WHAT THE TASK REQUIRES: Excluding pictures, what does the listing below contain from the line with "Готовые воздушные слойки" up to and including the line with "Πασχαλινή Λαμπάδα Friends", word for word?

*** Opening of STUDY MATERIAL ***

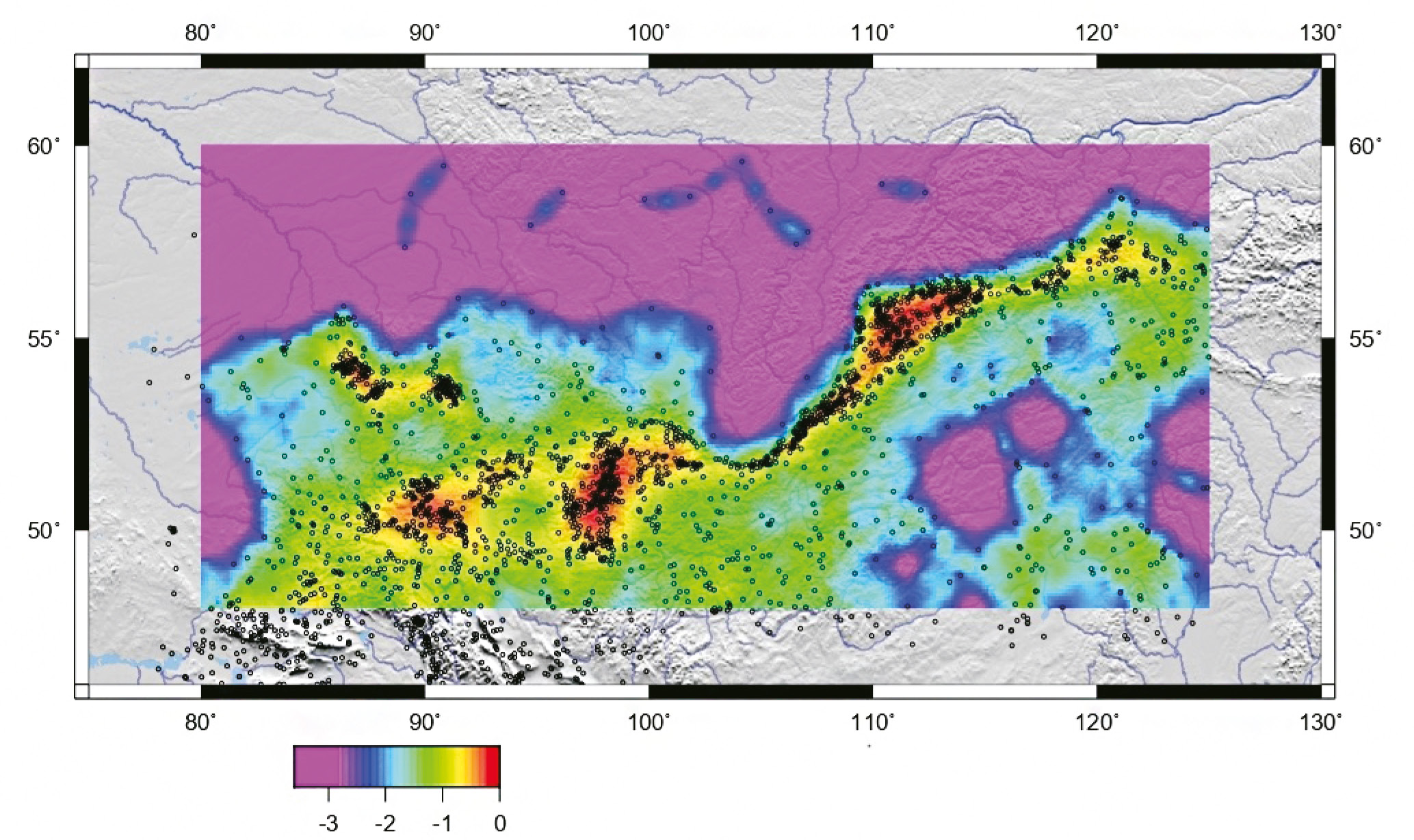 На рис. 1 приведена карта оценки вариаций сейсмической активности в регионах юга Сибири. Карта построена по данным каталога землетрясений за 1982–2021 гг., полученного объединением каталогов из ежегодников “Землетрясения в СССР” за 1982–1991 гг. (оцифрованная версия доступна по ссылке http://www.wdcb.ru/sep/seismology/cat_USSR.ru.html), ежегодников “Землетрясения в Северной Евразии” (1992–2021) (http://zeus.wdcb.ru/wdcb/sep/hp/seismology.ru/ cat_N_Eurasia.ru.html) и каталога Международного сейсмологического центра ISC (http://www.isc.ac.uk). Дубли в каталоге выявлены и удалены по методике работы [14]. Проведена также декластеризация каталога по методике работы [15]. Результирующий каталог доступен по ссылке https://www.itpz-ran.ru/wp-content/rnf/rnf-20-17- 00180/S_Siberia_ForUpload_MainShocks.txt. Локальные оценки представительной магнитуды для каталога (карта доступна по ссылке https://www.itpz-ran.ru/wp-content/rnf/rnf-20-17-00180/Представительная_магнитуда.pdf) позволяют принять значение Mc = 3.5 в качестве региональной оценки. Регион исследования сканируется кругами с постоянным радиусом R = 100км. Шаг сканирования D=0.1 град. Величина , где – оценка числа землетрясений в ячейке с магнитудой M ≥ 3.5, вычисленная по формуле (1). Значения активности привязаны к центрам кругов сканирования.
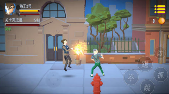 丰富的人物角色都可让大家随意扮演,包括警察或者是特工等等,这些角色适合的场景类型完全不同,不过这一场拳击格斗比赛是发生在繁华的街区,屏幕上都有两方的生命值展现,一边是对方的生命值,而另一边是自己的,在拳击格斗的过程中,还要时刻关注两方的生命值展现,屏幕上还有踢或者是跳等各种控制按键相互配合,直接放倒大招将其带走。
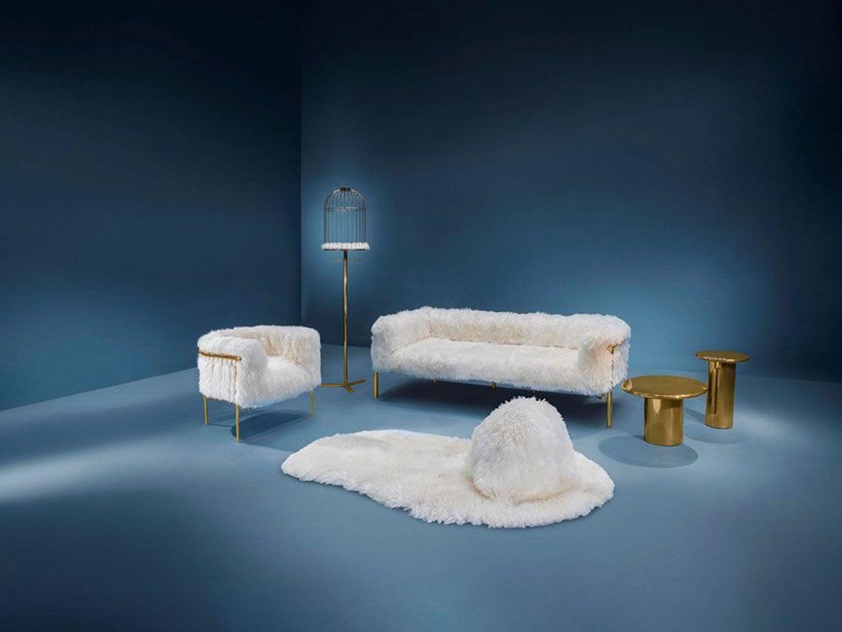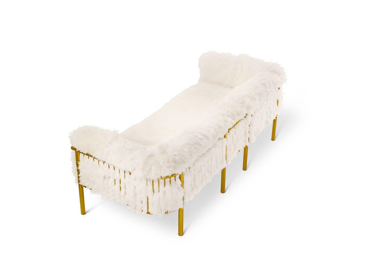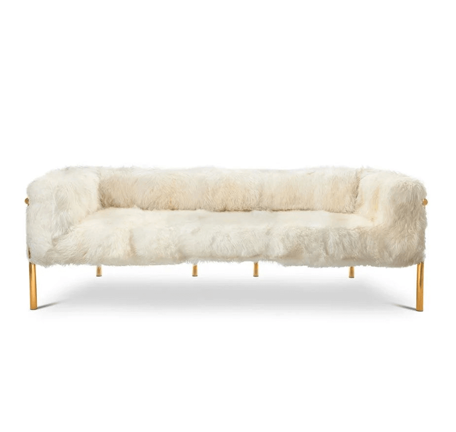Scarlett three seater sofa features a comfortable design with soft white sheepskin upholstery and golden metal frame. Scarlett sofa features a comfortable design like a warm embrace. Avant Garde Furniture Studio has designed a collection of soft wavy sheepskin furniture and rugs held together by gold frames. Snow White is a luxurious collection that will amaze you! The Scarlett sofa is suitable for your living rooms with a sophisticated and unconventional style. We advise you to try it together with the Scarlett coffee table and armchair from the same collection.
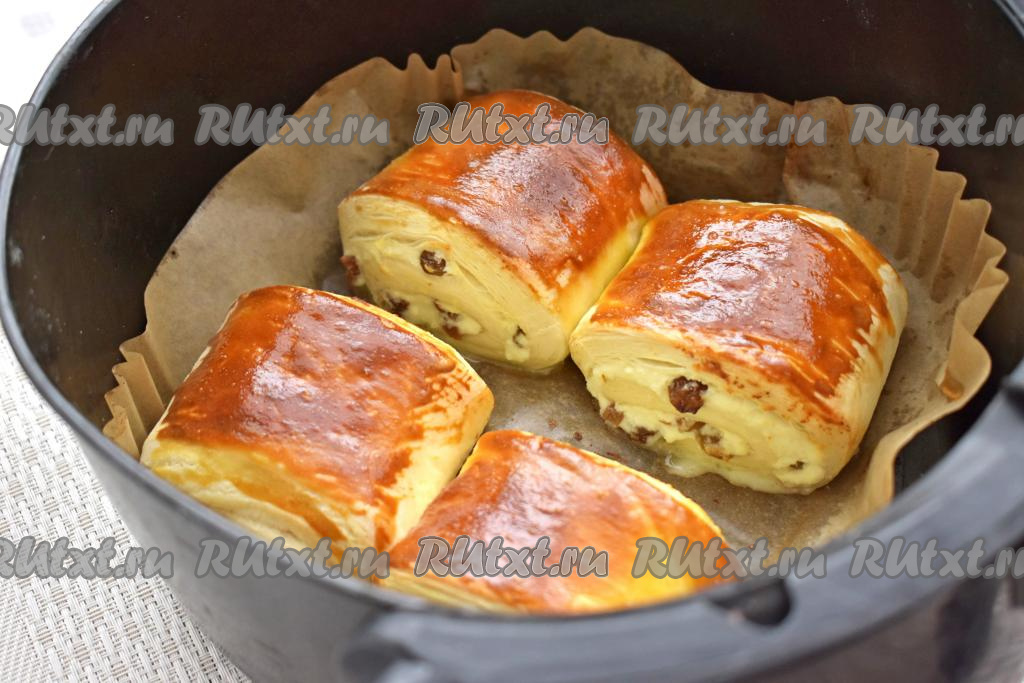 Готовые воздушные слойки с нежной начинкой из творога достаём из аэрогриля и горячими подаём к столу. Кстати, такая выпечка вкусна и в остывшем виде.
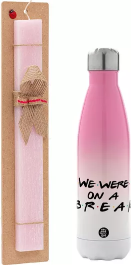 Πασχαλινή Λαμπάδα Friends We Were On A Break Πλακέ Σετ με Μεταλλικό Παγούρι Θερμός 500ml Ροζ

*** Close of STUDY MATERIAL ***
*** Opening of STUDY MATERIAL ***

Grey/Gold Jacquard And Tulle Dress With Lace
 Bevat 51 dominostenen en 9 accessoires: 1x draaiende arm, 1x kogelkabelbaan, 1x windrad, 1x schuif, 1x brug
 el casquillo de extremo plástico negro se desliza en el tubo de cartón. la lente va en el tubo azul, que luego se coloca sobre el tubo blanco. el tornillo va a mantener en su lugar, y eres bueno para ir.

*** Close of STUDY MATERIAL ***
*** Opening of STUDY MATERIAL ***

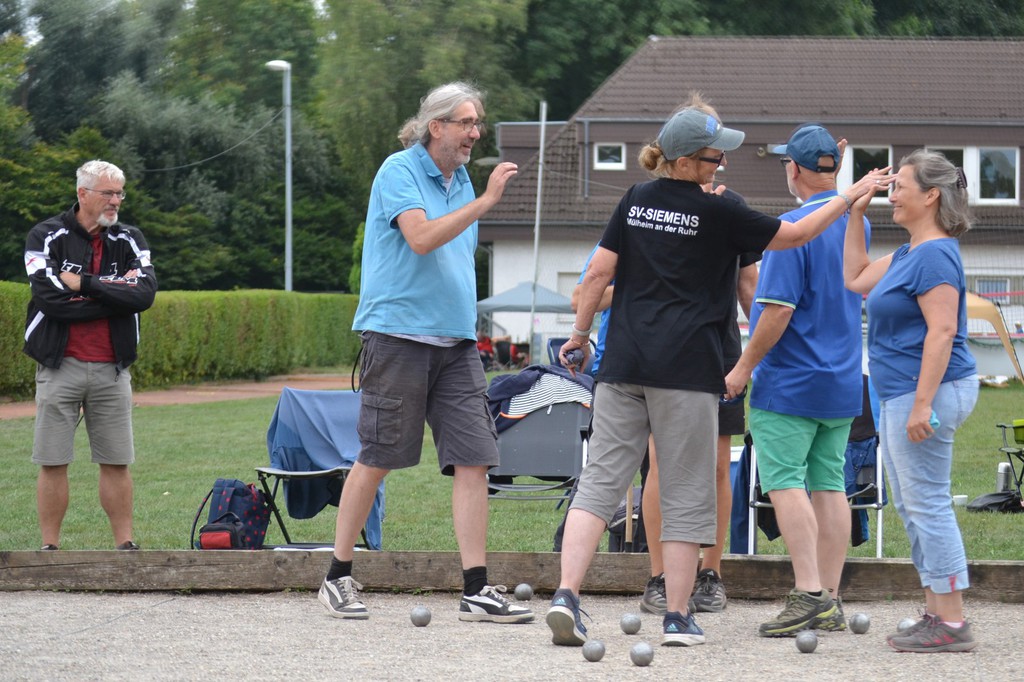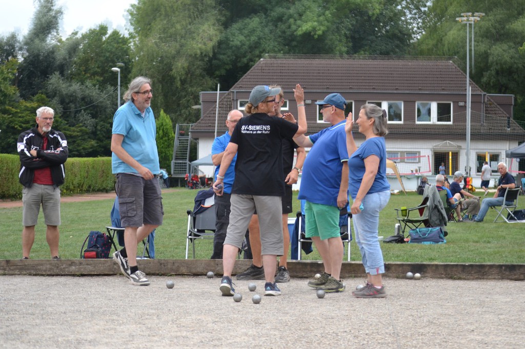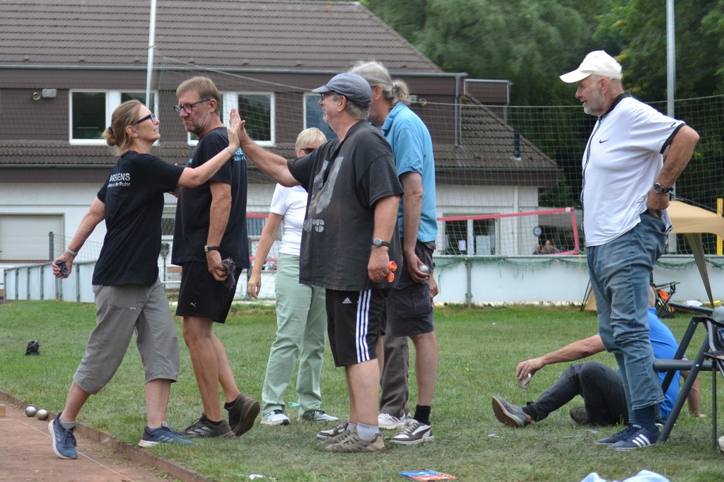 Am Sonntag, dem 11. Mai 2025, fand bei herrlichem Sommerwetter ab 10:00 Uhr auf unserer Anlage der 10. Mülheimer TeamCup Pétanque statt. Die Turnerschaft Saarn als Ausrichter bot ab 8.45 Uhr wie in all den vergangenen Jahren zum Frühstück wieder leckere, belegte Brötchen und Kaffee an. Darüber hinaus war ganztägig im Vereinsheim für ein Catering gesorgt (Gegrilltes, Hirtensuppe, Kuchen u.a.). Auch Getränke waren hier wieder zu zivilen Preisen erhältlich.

*** Close of STUDY MATERIAL ***

WRITTEN SOLUTION:
 Готовые воздушные слойки с нежной начинкой из творога достаём из аэрогриля и горячими подаём к столу. Кстати, такая выпечка вкусна и в остывшем виде.
 Πασχαλινή Λαμπάδα Friends We Were On A Break Πλακέ Σετ με Μεταλλικό Παγούρι Θερμός 500ml Ροζ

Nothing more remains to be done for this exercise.